▶ _EXERCISE GOAL_: Would you retype exactly the lines below, starting with the one that has "БИО плодово пюре" and going on through the one that has "Parts for Briggs", with no pictures and nothing else?
··· DATA TO USE
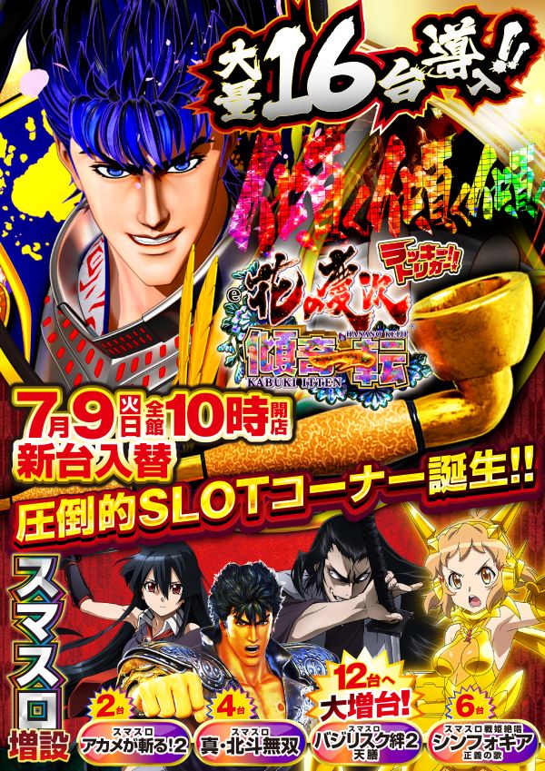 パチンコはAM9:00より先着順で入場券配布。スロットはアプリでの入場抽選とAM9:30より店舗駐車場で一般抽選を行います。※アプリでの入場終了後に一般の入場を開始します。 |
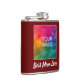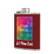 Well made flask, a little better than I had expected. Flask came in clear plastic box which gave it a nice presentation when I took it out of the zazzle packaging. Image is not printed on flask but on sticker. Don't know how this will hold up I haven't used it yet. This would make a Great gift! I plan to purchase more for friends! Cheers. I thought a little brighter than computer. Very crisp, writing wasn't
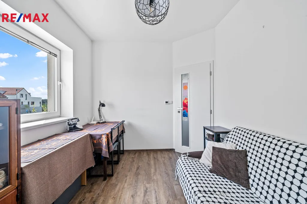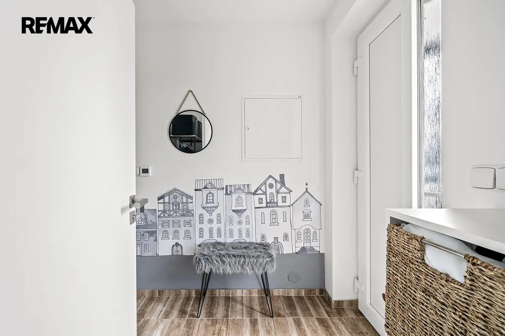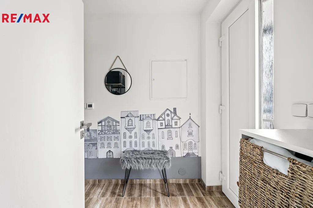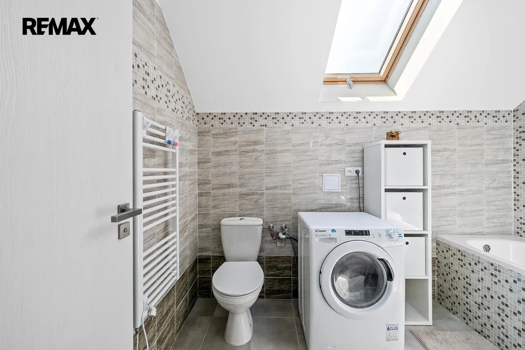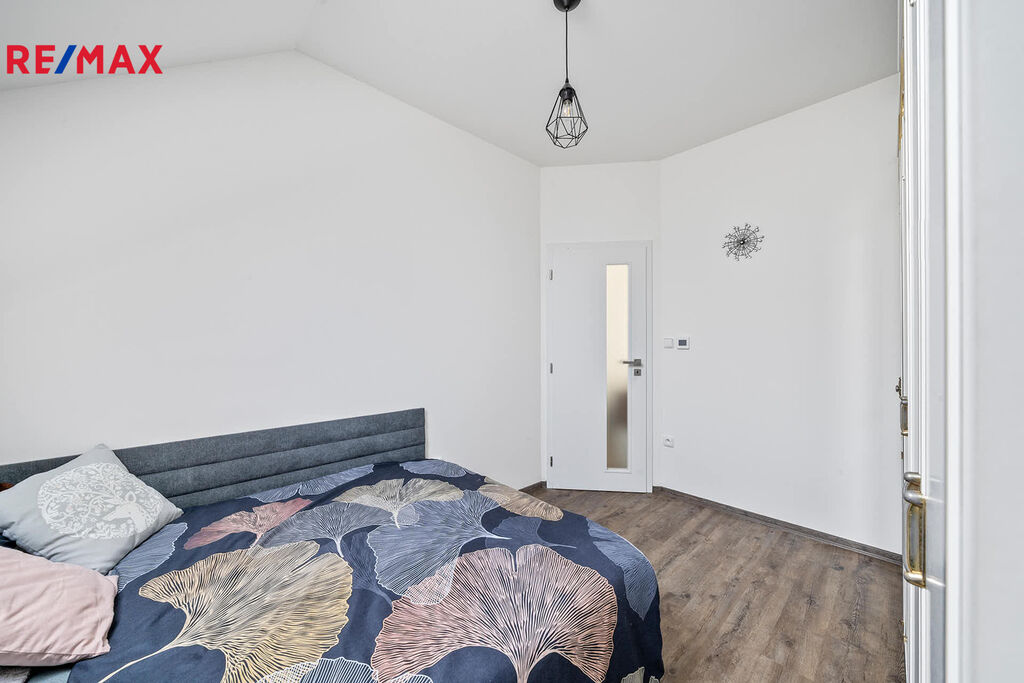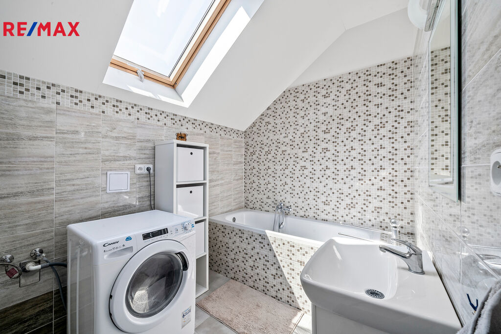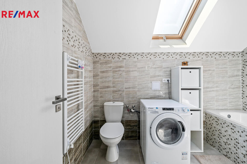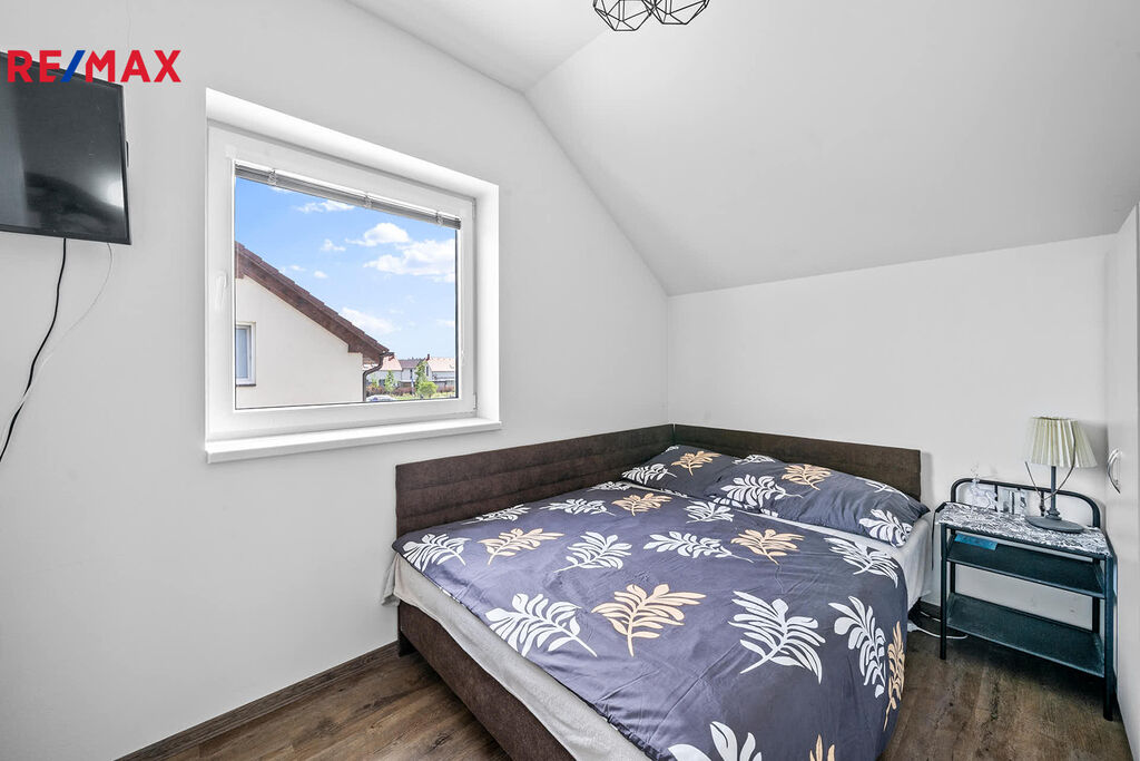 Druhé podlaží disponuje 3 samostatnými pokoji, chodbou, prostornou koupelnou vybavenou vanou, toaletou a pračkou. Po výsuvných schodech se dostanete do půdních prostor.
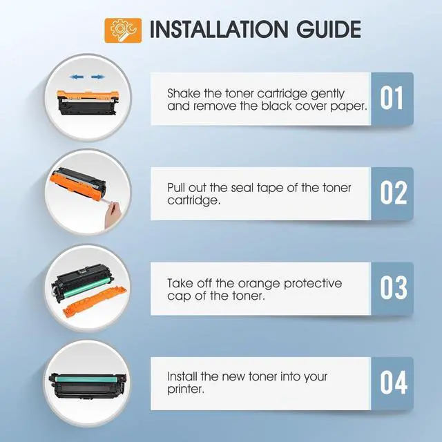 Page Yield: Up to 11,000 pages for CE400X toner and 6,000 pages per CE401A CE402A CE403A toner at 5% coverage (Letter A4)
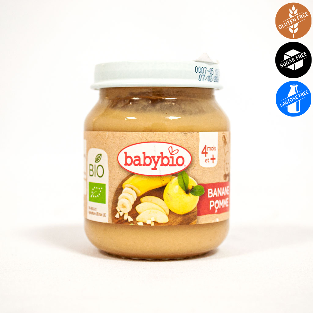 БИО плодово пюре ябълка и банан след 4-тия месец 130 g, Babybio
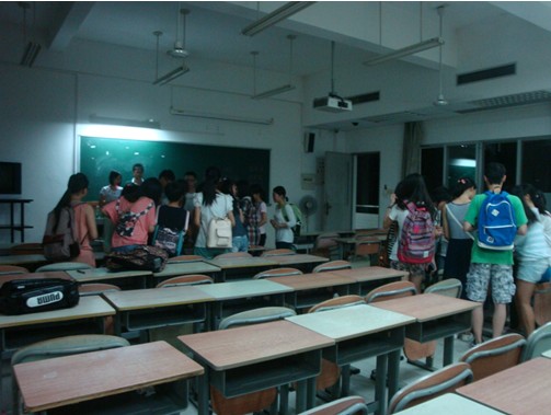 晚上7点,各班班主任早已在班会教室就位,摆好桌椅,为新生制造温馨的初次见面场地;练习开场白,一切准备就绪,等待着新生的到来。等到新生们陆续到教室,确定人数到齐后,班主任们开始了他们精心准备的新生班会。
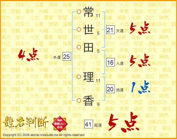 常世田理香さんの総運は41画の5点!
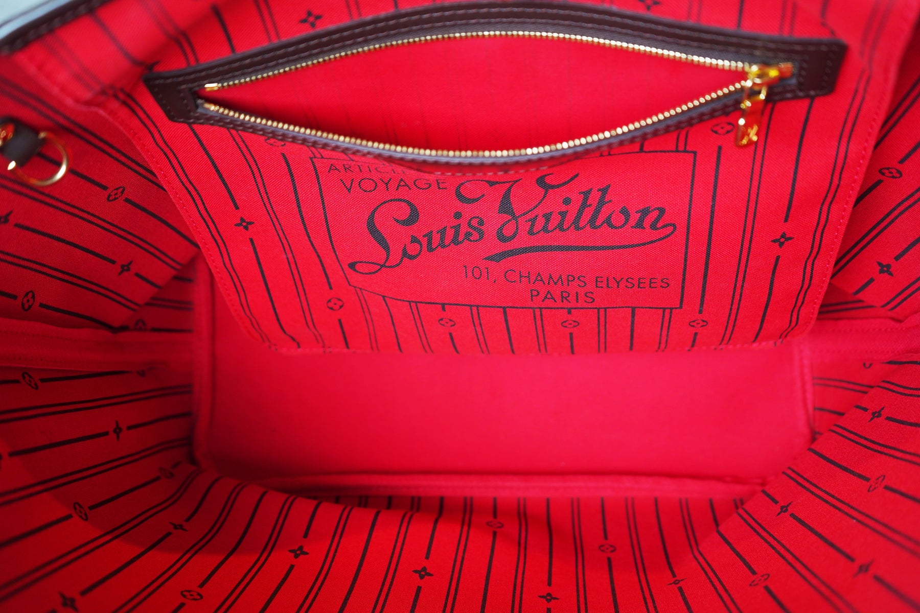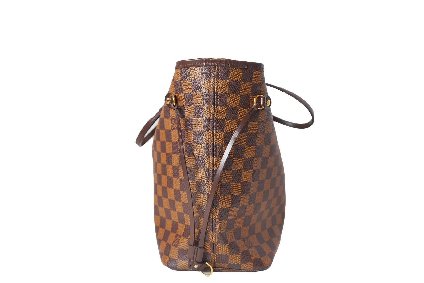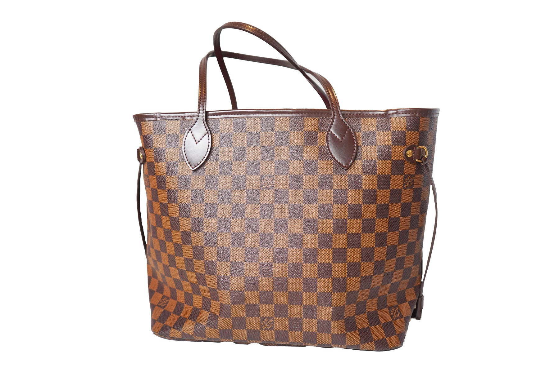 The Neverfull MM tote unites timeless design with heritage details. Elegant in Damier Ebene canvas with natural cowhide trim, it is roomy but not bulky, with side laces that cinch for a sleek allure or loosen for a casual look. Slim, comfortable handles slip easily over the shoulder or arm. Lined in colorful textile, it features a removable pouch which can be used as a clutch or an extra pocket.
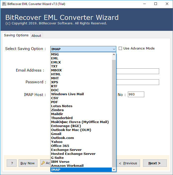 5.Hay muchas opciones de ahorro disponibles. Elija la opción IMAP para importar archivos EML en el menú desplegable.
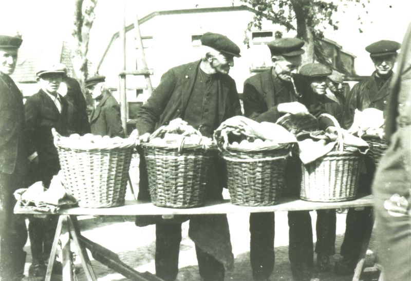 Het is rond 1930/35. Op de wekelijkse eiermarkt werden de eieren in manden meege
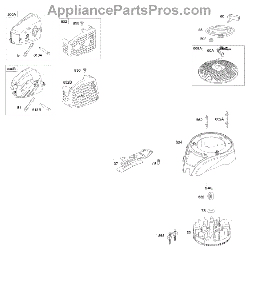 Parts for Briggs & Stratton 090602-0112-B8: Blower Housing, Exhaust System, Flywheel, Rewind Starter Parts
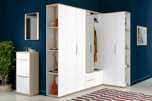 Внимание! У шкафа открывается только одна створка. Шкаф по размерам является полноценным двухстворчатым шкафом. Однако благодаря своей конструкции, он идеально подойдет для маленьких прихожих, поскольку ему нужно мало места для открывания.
······
▶ _WRITTEN RESPONSE_:
 БИО плодово пюре ябълка и банан след 4-тия месец 130 g, Babybio
 晚上7点,各班班主任早已在班会教室就位,摆好桌椅,为新生制造温馨的初次见面场地;练习开场白,一切准备就绪,等待着新生的到来。等到新生们陆续到教室,确定人数到齐后,班主任们开始了他们精心准备的新生班会。
 常世田理香さんの総運は41画の5点!
 The Neverfull MM tote unites timeless design with heritage details. Elegant in Damier Ebene canvas with natural cowhide trim, it is roomy but not bulky, with side laces that cinch for a sleek allure or loosen for a casual look. Slim, comfortable handles slip easily over the shoulder or arm. Lined in colorful textile, it features a removable pouch which can be used as a clutch or an extra pocket.
 5.Hay muchas opciones de ahorro disponibles. Elija la opción IMAP para importar archivos EML en el menú desplegable.
 Het is rond 1930/35. Op de wekelijkse eiermarkt werden de eieren in manden meege
 Parts for Briggs & Stratton 090602-0112-B8: Blower Housing, Exhaust System, Flywheel, Rewind Starter Parts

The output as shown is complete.